Chosen from a pool of 60 American cities, Chicago had the honor of being named the 2014 U.S. Earth Hour City Capital by the World Wildlife Fund earlier this year. In anticipation for Earth Hour tomorrow, March 29, during which Governor Pat Quinn has encouraged all Illinoisans to turn out the lights from 8:30-9:30 pm, here are a few surprising ecological facts that make Chicago one of America’s greenest cities.

  • Chicago’s green conscience has been whispering into the city’s ear since the emerging government in the 1830’s adopted the slogan, urbs in horto, i.e. “city in a garden,” due in part to Chicago’s origins as a marshy swamp.
  • Conservation of the city’s parks has been a public initiative since the 1850’s, when citizens began to advocate for the creation of the city’s comprehensive park and boulevard system.
  • Chicago boasts over 400 million square feet of rooftop gardens, including the garden atop City Hall. Rooftop gardens absorb less heat and more rainwater than tar roofing, among other environmental benefits.
    • It’s a little known fact, but the massive green space of Millennium Park above Millennium Garages comprises what is technically one of the world’s largest green roofs, spanning 24.5 acres.
    • Equally surprising to some is that Soldier Field, home of the beloved Chicago Bears, is also a green roof, and it became the first North American stadium to be awarded LEED certification through the U.S. Green Building Council in 2011, following extensive recycling and sustainability efforts there in the past decade.
  • The Chicago Center for Green Technology building, spearheaded by the Daley administration, was the first renovated municipal building to receive a LEED platinum rating for its green technology usage. The elevator’s hydraulic system even uses vegetable oil!

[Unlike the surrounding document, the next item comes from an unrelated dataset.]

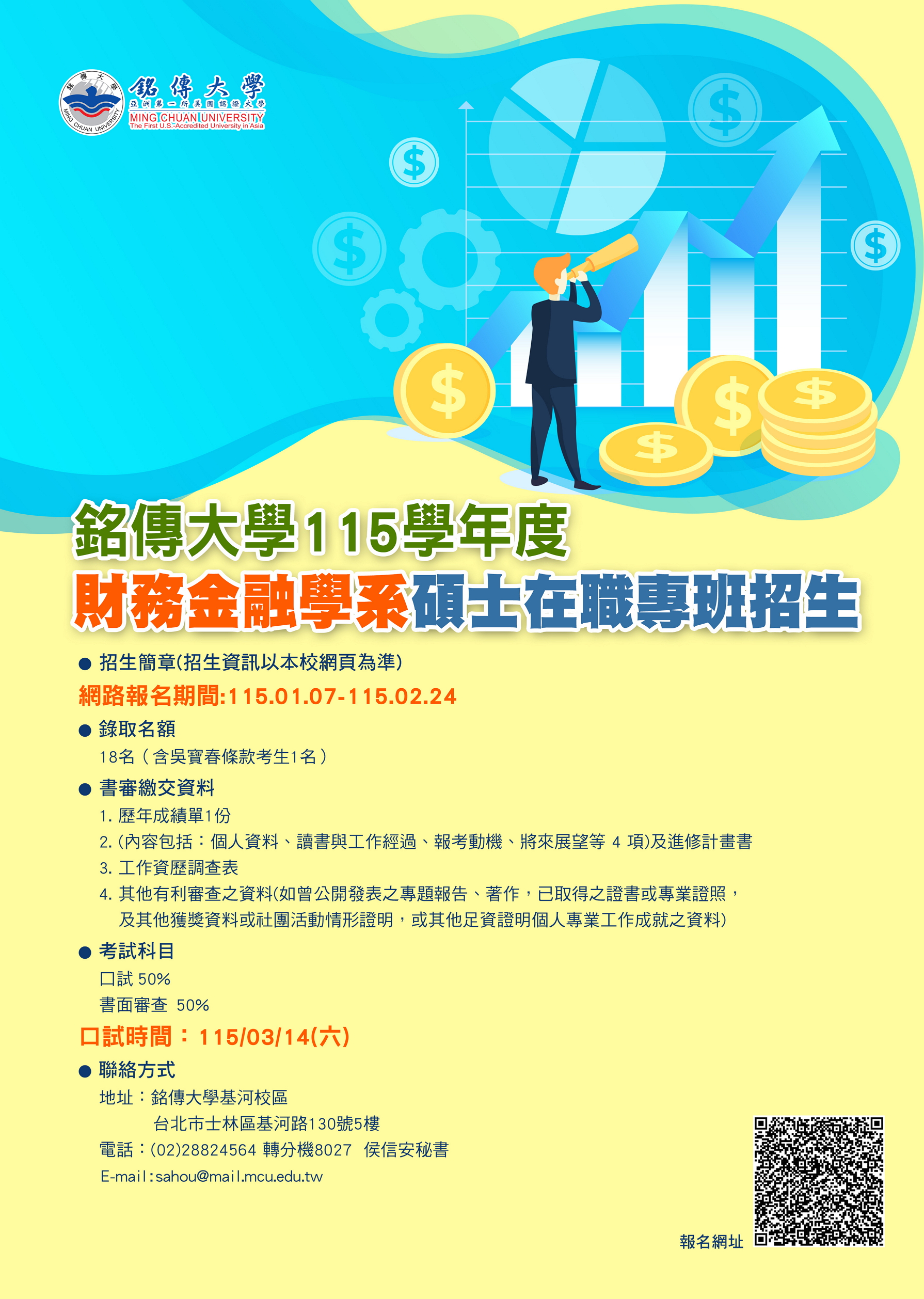 銘傳大學財務金融學系 115 學年度碩士在職專班考試入學招生資訊

  • The city was recently counted fifth among the top 50 bike-friendly cities in the U.S. by Bicycling Magazine, and it made the top eight according to CNN last year. These honors are due in large part to Chicago’s massive, growing network of bike lanes, covering a total of about 350 miles.

Following Governor Quinn’s initiative, many major public buildings in the city, including the James R. Thompson Center and the Michael A. Bilandic Building, will be turning out the lights for Earth Hour tomorrow. Be sure to join them from 8:30-9:30 pm and help Chicago celebrate our well-deserved reputation as one of the world’s greenest cities!